A study published in 1956 by the US Department of Commerce based on the 1953 Cuban census, cites farm laborers, including unpaid family workers, as constituting 28.8 percent of the labor force in the island, which could be considered as a rough approximation of the size of the rural working class in the 1950s. The same study also cites a group classified as farmers and ranchers as constituting an additional 11.3 percent of the total labor force. It is likely that the figures of both groups fluctuated through time as a result of movement between those two groups of poor farmers and ranchers seeking to seasonally supplement their income by selling their labor in the sugar industry, and also as a result of substantial migration from rural to urban areas. Even so, those figures indicate a much higher proportion—more than double—of salaried rural workers compared to peasants in the countryside.

It is thus ironic that the peasants that Fidel Castro came into contact with in the Sierra Maestra were not representative of the Cuban rural labor force. (Sugar is typically planted in flat rather than mountainous lands.) The structure of Cuba’s rural labor force in the 1950s also helps to explain why once Fidel Castro and his close associates adopted the Soviet system, they had a much easier time collectivizing agriculture into state farms than was the case in other Communist countries with large peasantries.

Besides the agricultural proletariat, Cuba also had a larger and more important urban working class. The same 1956 study classified 22.7 percent of the Cuban labor force under the category of craftsmen, foremen, operatives, and kindred workers, 7.2 percent as clerical and kindred workers, and 6.2 percent as sales workers. Service workers, except private households, constituted 4.2 percent of the urban working class, and private household workers 4.0 percent. These categories could be considered a rough approximation of the urban working class, for a total of 44.3 percent of the total labor force in the island.11

Over fifty percent of this two million rural and urban labor force was unionized, mostly under the control of the very corrupt Mujalista union bureaucracy, whose leader Eusebio Mujal had supported Batista since his second military coup in 1952, promising to keep labor peace in exchange for being ratified as the principal union leader. For its part, Batista’s government refrained from an immediate attack on labor’s gains, although it did not take long for it to gradually, but substantially, erode labor’s wages and working conditions. Mujal became even more bound to Batista after the dictator outlawed the Popular Socialist Party (PSP), the name adopted by the Communists at the time of the Soviet alliance with the United States during the Second World War, a move that increased Mujal’s control and that further eroded the already limited influence of that party on the organized working class in the island. According to an internal survey conducted in 1956 by the PSP, only 15 percent of the country’s two thousand local unions were led by Communists or by union leaders who supported collaboration with the PSP.12

The Communist Party’s influence on the Cuban working class had its militant heyday in the late twenties and early thirties, at the time of its “third period” ultra-left and sectarian politics. Its growth displaced the hold that the anarchists had on the working class from the late nineteenth century until the mid 1920s, both in Cuba and in the predominantly Cuban tobacco enclaves in Key West and Tampa in Florida to which Cuban tobacco workers would migrate—before there were immigration controls—because of strikes or poor economic conditions in the island. That growth allowed the CP to play a leading role in the 1933 revolution against the Machado dictatorship, a revolution in which the working class played a significant part. However, the CP “third period” policy against supporting the new nationalist revolutionary government that the Roosevelt administration refused to recognize significantly contributed to the failure of that revolution. Moreover, under the popular front policy adopted by the CP later on, and as a result of the nationalists refusing to work with the CP because of its conduct in the 1933 revolution, the Cuban Communists made a deal with Batista in 1938 providing him with political and electoral support in exchange for the CP being handed the official control of the Cuban labor movement. The defeat of the candidate supported by Batista and the Communists in the 1944 elections and the Cold War that began a few years later, dealt a severe blow to Communist political influence in general and their trade union influence in particular.

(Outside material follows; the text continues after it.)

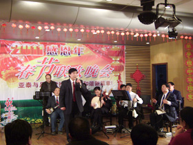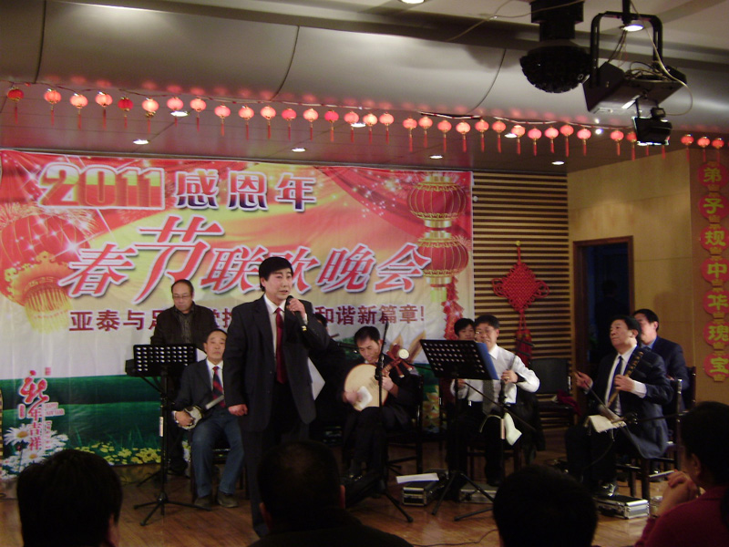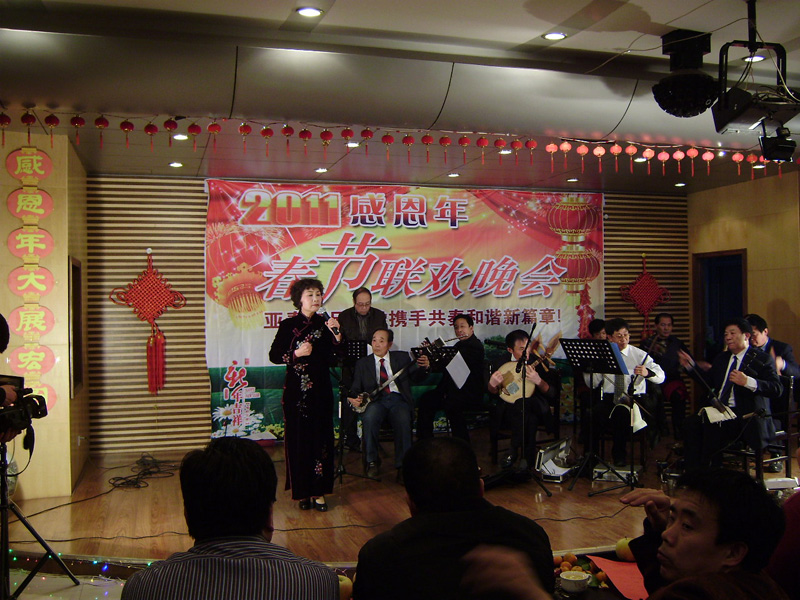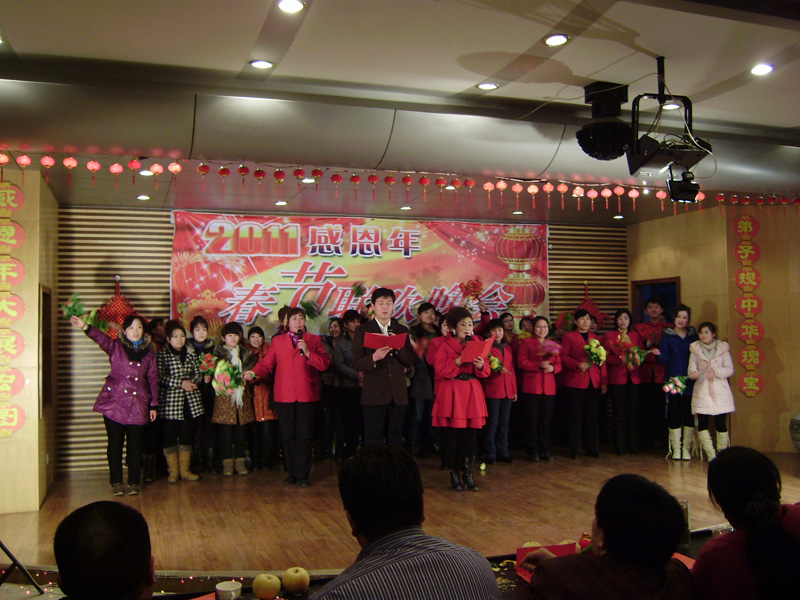 为了丰富职工业余文化生活,腊月十六请到了安国、蠡县足福堂、衡水京剧协会、高董事长的朋友等京剧票友与我们亚泰的精英一起联欢迎春节。在座的观众用阵阵激励的掌声送给每一位演员、导演、台后的工作者,送给高董事长和张总经理。高董事长铿锵有力的演唱使在座的观众欢呼起来,掌声不断,叫好声不断。亚泰的职工在为高董事长的才艺喝彩,在为有这样一位好的领导喝彩。晚会闭幕时张总怀着一颗感恩的心,感谢足福堂及京剧协会、京剧票友的到来。希望在以后的日子里亚泰人与这些组织建立深厚的友谊,携手为社会发展做贡献。联欢会后,按照公司领导的安排为全体演职人员发了奖品。

It was then that the labor representatives of the Auténtico Party—the former revolutionary nationalists of the 1930s—with Eusebio Mujal among them, who, along with other independent labor leaders who could be loosely identified as nationalist, took over the unions, sometimes based on the use of force and other assorted gangster methods. Soon after, Mujal emerged as the top leader of the only trade-union confederation, a role that he continued to play under Batista.

Opposition to the dictatorship grew among the large majority of Cubans. The working class found itself under the yoke of the double dictatorship of Mujal in the unions and of Batista in the country as a whole. Remarkably, as some authors have shown, there were many labor struggles that took place in that period, some with an open anti-Batista agenda.13 The Mujalista bureaucracy did not have total control of working-class unrest and there were some militant unions—like that of the bank workers—that managed to escape Mujal’s vise. However, these struggles did not translate into a strong and visible independent working-class organization opposed to the government. This was due to the fragmentary character of these struggles that lacked the continuity and cumulative impact that would have made a strong and independent working-class organization possible.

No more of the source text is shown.